Plans to expand Stevenage's Lister Hospital to provide a state-of the-art vascular theatre - the first of its kind in the UK - have been submitted to the local authority.
The East and North Hertfordshire NHS Trust, which runs Lister, wants to attach a hybrid vascular theatre to the existing inpatient theatre block at the hospital site.
In a statement prepared by Fleet Architects Ltd on behalf of the NHS trust, it says: "The proposal to attach a state-of-the-art hybrid vascular theatre to the existing inpatient theatre block at the Lister Hospital site is the first of this kind for the NHS and in the UK at all.
"A vascular theatre will use real time radiographic imaging, known as ‘image guided therapy’ (IGT), to enable surgeons to undertake complex interventions while minimising the impact on the patient, reducing risk and recovery times. Housing this type of service will greatly improve the range of operations and activities possible on the Lister site.
"A hybrid theatre integrates IGT with other theatre applications, and will feature an ultra clean ventilation supply to enable the space to be used for a wider range of surgery."
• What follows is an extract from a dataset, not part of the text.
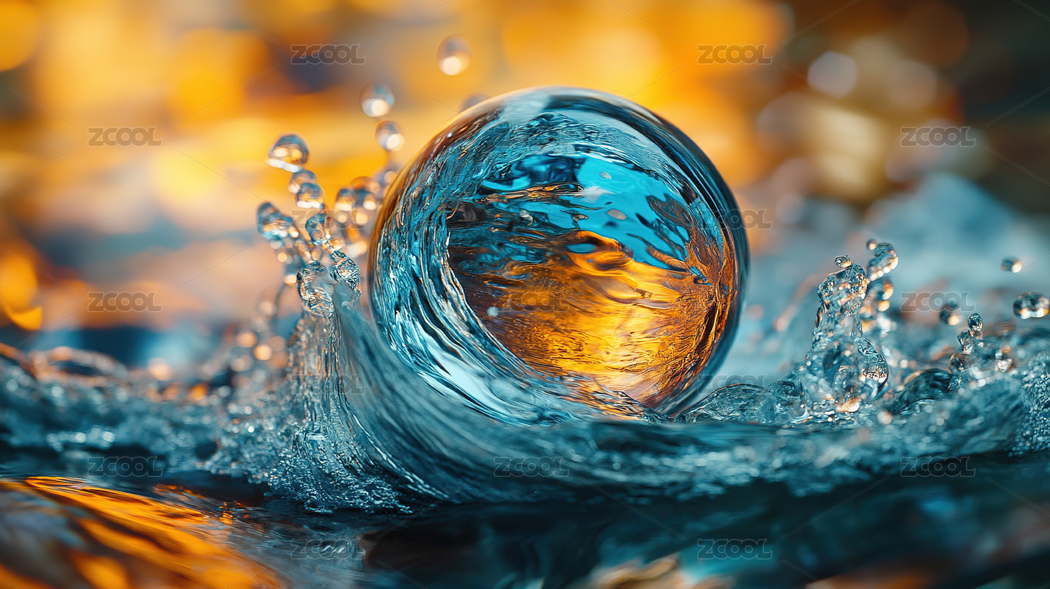 3D水面黄色水滴背景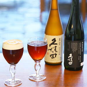 華やかな香りと重厚な味わいが特徴の日本酒「久保田 萬寿」には、丸山珈琲の定番ドリンク「ブレンドコーヒー」を合わせ、アイリッシュコーヒーに仕立てた。一口飲むと、チョコレートのような華やかさと複雑な深みが絶妙なハーモニーを奏でる。

Acknowledging that "post pandemic, the NHS is wrestling a national elective surgery crisis", the statement says "new facilities such as this will assist the existing staff resources of the NHS to be more productive in safe and modern working conditions".
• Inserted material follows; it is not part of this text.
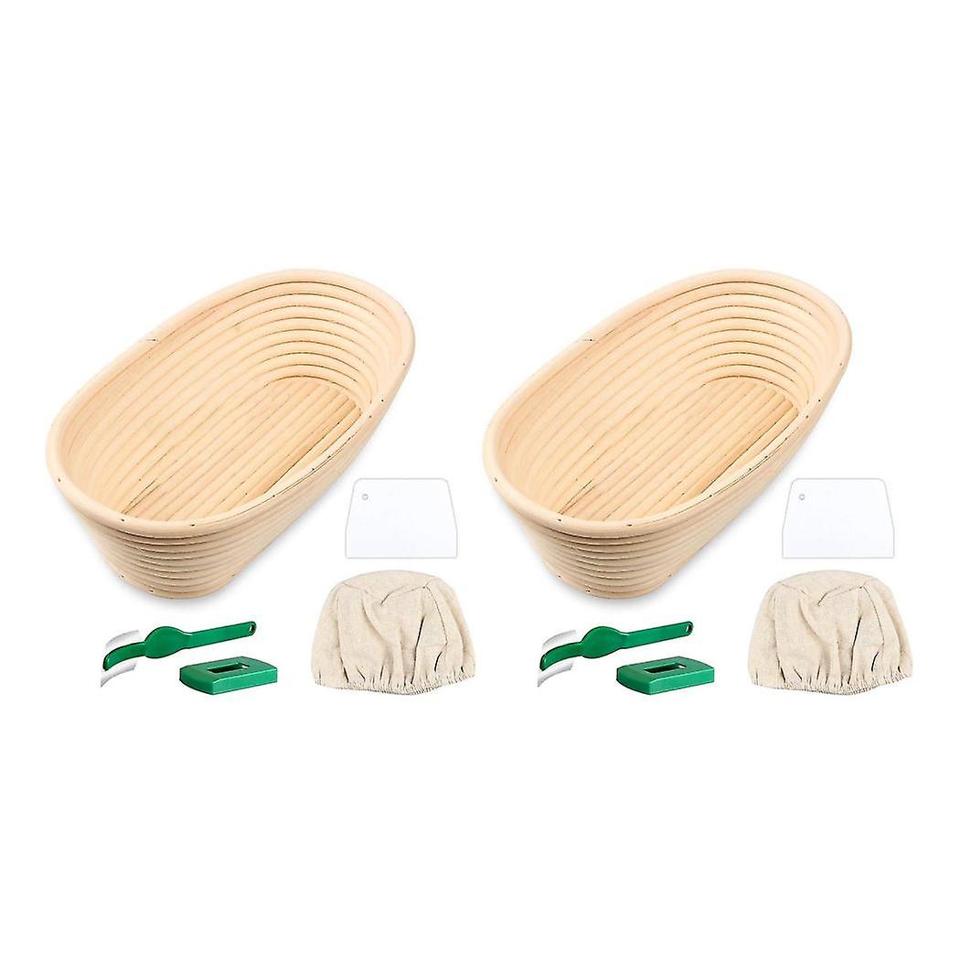 2x Oval Bread Proofing Basket, Handmade Banneton Bread Proofing Basket Brotform With Bread Lame(9.6

Consultant vascular surgeon Matt Metcalfe says there are several reasons a hybrid vascular theatre is needed at Lister, including the need to improve radiation safety.
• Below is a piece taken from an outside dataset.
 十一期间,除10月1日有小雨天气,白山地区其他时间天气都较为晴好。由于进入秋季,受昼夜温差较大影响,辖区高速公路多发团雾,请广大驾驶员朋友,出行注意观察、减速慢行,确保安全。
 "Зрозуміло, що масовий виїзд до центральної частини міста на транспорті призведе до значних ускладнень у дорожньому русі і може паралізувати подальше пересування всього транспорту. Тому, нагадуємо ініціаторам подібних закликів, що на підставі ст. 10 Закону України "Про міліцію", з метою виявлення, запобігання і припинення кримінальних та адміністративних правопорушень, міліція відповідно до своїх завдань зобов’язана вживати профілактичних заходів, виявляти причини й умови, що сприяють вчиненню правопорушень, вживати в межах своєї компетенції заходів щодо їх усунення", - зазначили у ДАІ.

Mr Metcalfe also said: "At present, we are limited in our operating ability and case mix, as we need better imaging to perform procedures such as iliac branched grafts, fenestrated stents, thoracic stents.
"A hybrid theatre is also more carbon friendly.
"Hertfordshire needs to merge Watford General Hospital and Princess Alexandra Hospital with Lister Hospital for vascular activity.
"A hybrid theatre is required to be a vascular hub. Hub formation improves efficiency and patient outcomes. Cost savings occur across the region, due to focused resources, better access to specialist staff and better theatre utilisation.
"More experienced staff undertaking vascular surgery more frequently - by pooling three units together into one unit - is better for patient and has financial savings.”